In the broader arc of Culture & Entertainment, Cyrus’s remarks underscore a familiar truth about celebrity life: artifacts — whether a dress, a letter, or a note from a beloved partner — can hold both intimate meaning and public resonance, prompting questions about what deserves a permanent place in a person’s evolving narrative. Cyrus’s emphasis on holistic self-definition and the idea of eras as metamorphosis rather than costumes offer a lens through which fans and observers alike can understand her evolving career and personal story.

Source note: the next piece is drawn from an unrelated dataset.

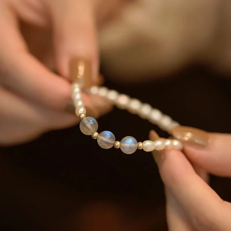 Freshwater Pearl Mixed materials Rose Quartz Beaded Bracelets

The fashion-and-memory dynamic also raises questions about how stars manage memorabilia as royalties of fame. Cyrus’s approach — preserving the private alongside the public, building a curated archive, and allowing life’s most personal moments to inform but not overwhelm her artistic trajectory — suggests a model for navigating culture’s appetite for personal history while preserving the autonomy to shape that history on one’s own terms.
As Cyrus continues to balance a demanding performance schedule with private life and public scrutiny, her remarks offer a snapshot of an artist who views memory less as nostalgia and more as a living guide to future creative decisions. The dress from that first date may remain out of sight for now, but it stands as a symbol of a larger principle she has embraced: to honor the past without letting it dictate the present or the future.